Keen on starting Forex trading? Why would you not be: Many
beginning Forex traders are captivated by the allure of easy money.
Forex websites offer 'risk-free' trading, 'high returns' and 'low
investment' — these claims have a grain of truth in them, but the
reality of Forex is a bit more complex. As with anything in life, what
you put in will determine what you get out.
There are two common mistakes that many beginner traders make
— trading without a strategy and letting emotions rule their decisions.
After opening a Forex account it may be tempting to dive right in and
start trading. Watching the movements of EUR/USD for example, you may
feel that you are letting an opportunity pass you by if you don't enter
the market immediately.
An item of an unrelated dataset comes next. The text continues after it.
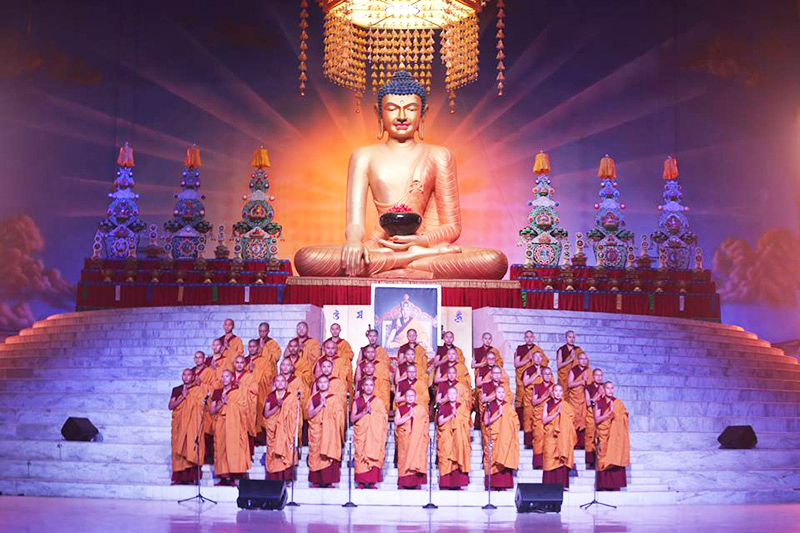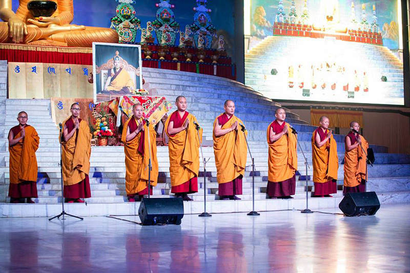 11. The nuns from the Drupde Palmo Chokyi Dingkhang Nunnery returned, together with the monks of the Vajra Vidya Institute of Thrangu Monastery, for a rendition of A Joyful Aspiration, a poem composed by the Karmapa.

You buy and watch the market move against you.
You panic and sell, only to see the market recover.
This kind of undisciplined approach to Forex is guaranteed to
lose you money, and have you waste your time. Forex traders need to
have a rational trading strategy and not allow emotions to rule their
The two emotions prevalent in the above example is greed
(entering the market immediately) and fear (selling when the market
temporarily moves against you). Investing and these two emotions do not
gel at all. Keep them out of your trading and you will see results.
To make rational trading decisions the Forex trader must be
well-educated in market movements. He must be able to apply technical
studies to charts and plot out entry and exit points. He must take
advantage of the various types of orders to minimize his risk and
maximize his profit.
The first step in becoming a successful Forex trader is to
understand the market and the forces behind it. Who trades Forex and
why? Who is successful and why are they successful? This knowledge will
allow you to identify successful trading strategies and use them as
models for your own.
There are 5 major groups of investors who participate in
Forex — Governments, Banks, Corporations, Investment Funds, and
traders. Each group has varying objectives, but the one thing that all
the groups (except traders) have in common is external control. Every
organization has rules and guidelines for trading currencies and can be
held accountable for their trading decisions. Individual traders, on
the other hand, are accountable only to themselves.
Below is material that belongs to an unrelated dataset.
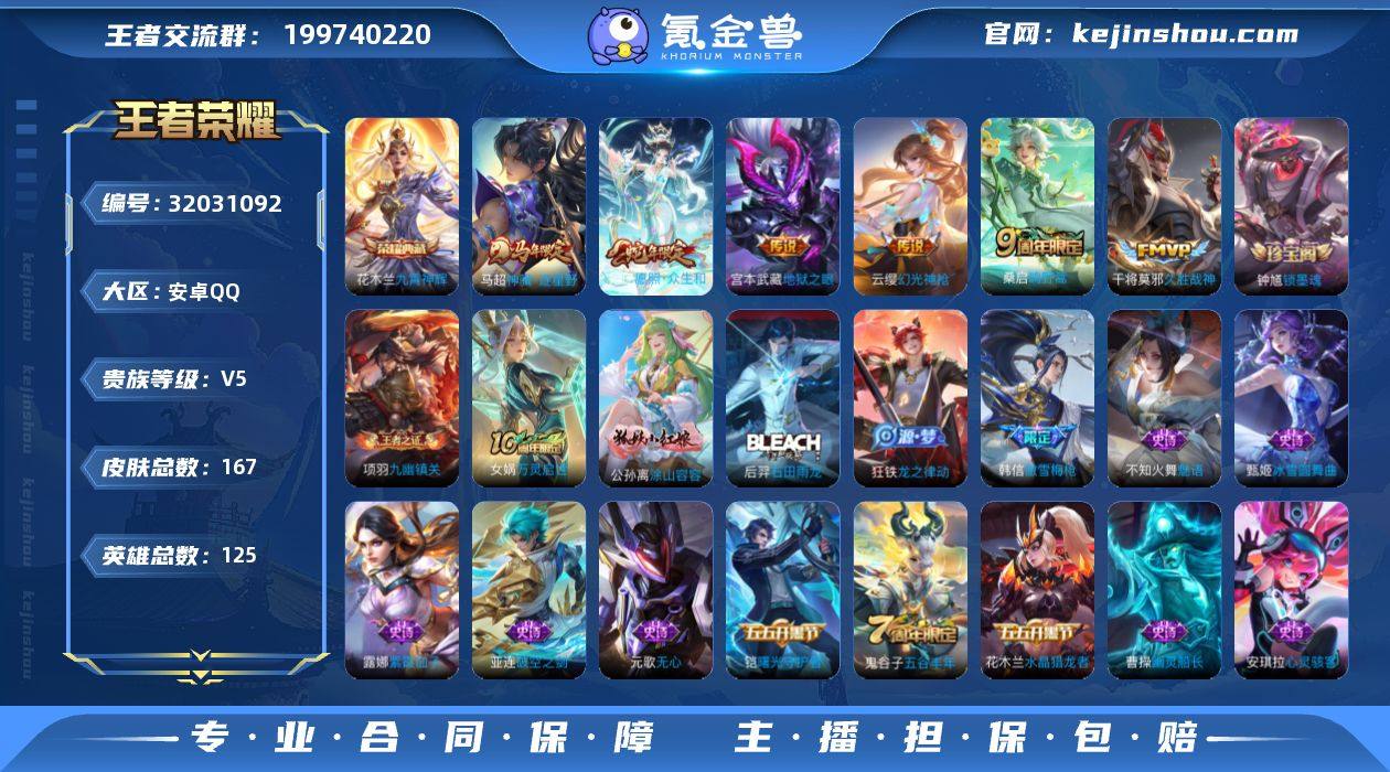 【王者荣耀】珍品无双0 典藏1 无双0 珍品传说0 传说6 史诗54 英雄125 皮肤167 贵族5级 荣耀典藏:九霄神辉__传说皮肤:鸣野蒿|地狱之眼|久胜战神|幻光神枪|愿照·众生和|神骥·逐星野__稀有限定:傲雪梅枪|梁祝|大漠名商|高山流水|古海寻踪|海滩派对|海盐诗旅|皇家上将|剑破天穹|江河有灵|金庭之子|千军破阵|擒涛扼浪|驱傩正仪|热情桑巴|荣光圣徽|沙漠行僧|探海日志|天穹祈灯|玩趣恶龙|无心|五谷丰年|午后时光|阴阳师|银河之约|游园惊梦|原初追逐者|暗隐猎兽者|缤纷独角兽|冰雪圆舞曲|乘风破浪|功夫厨神|鬼剑武藏|金属风暴|吕布-末日机甲|玫瑰异探|魅力维加斯|魅语|梦奇-顽趣|偶像歌手|绅士熊喵|圣诞狂欢|圣诞恋歌|诗语江南|水果甜心|水晶猎龙者|孙策-猫狗日记|天才门将|天秀·启明|鹰眼统帅|幽灵船长|逐浪之夏|紫霞仙子|噬灭天穹|敬我三分|破空之剑|天穹之誓|曙光守护者|心灵战警|特工魅影|心灵骇客|星界战将|谧流熔炉|万物之道|云中旅人|孙悟空-神迹守卫|刘禅-鸭鸭历险记|沈梦溪-鸭鸭历险记|龙之律动|布丁狗之约|虚灵犬护|石田雨龙|逆浪荇歌|孙策-百相守梦|周瑜-百相守梦|黄忠-百相守梦|涂山容容|荣光之誓|万灵启世|鹤鸣心笺|九幽镇关|周瑜-线条小狗|锁墨魂__优质皮肤:年年有余|孤猎|午夜歌剧院|激情绿茵|秩序猎龙将|超能战警|启蛰|画中游|生化警戒|芝加哥教父|绝影神枪|荷鲁斯之眼|幸存者|福禄兄弟|隐刃|特种部队|精灵王|剑舞者|范海辛|星航指挥官|爱与和平|花见巫女|东海龙王|灼热之刃|异域舞娘|精灵公主|功夫炙烤|潮玩探月行|秘密基地|鲨炮海盗猫|野性能量|丁香结|虹云星官|幻乐之宴|功夫老勺|海滩丽影|阿尔法小队|兔女郎|死亡骑士|黄金武士|玩偶对对碰|忍·炎影|爱心护理|街头霸王|教廷特使|漠中幻影|拳王|救世之瞳|白色死神|大发明家|星梦巡礼|景韶洛都|浪漫序章|纽约教父|龙腾万里|孙悟空-西部大镖客|汉昭烈帝|乓...

If you do not keep yourself in check, nobody else will. Why should they worry if you aimlessly waste your money?
This means that the trader who lacks rules and guidelines is
playing a losing game. Large organizations and educated traders
approach the Forex with strategies, and if you hope to succeed as a
Forex trader you must play by the same rules. That is studying these
strategies and rules before starting to trade is so important.
Forex Trading Philosophy — Money Management
Money management is part and parcel of any trading strategy.
Besides knowing which currencies to trade and recognizing entry and
exit signals, the successful trader has to manage his resources and
integrate money management into his trading plan. Position size,
margin, recent profits and losses, and contingency plans all need to be
considered before entering the market.
This may sound like Greek now! If it does, you have more
reason to get to know these terms. Knowledge will empower you on any
investment market, including Forex.
There are various strategies for approaching money
management. Many of them rely on the calculation of core equity. Core
equity is your starting balance minus the money used in open positions.
If the starting balance is $10,000 and you have $1000 in open positions
your core equity is $9000.
When entering a position try to limit risk to 1% to 3% of
each trade. This means that if you are trading a standard Forex lot of
$100,000 you should limit your risk to $1000 to $3000 — preferably
$1000. You do this by placing a stop loss order 100 pips (when 1 pip =
$10) above or below your entry position.
As your core equity rises or falls you can adjust the dollar
amount of your risk. With a starting balance of $10,000 and one open
position your core equity is $9000. If you wish to add a second open
position, your core equity would fall to $8000 and you should limit
your risk to $900. Risk in a third position should be limited to $800.
By the same principal you can also raise your risk level as
your core equity rises. If you have been trading successfully and made
a $5000 profit, your core equity is now $15,000. You could raise your
risk to $1500 per transaction. Alternatively, you could risk more from
the profit than from the original starting balance. Some traders may
risk up to 5% against their realized profits ($5,000 on a $100,000 lot)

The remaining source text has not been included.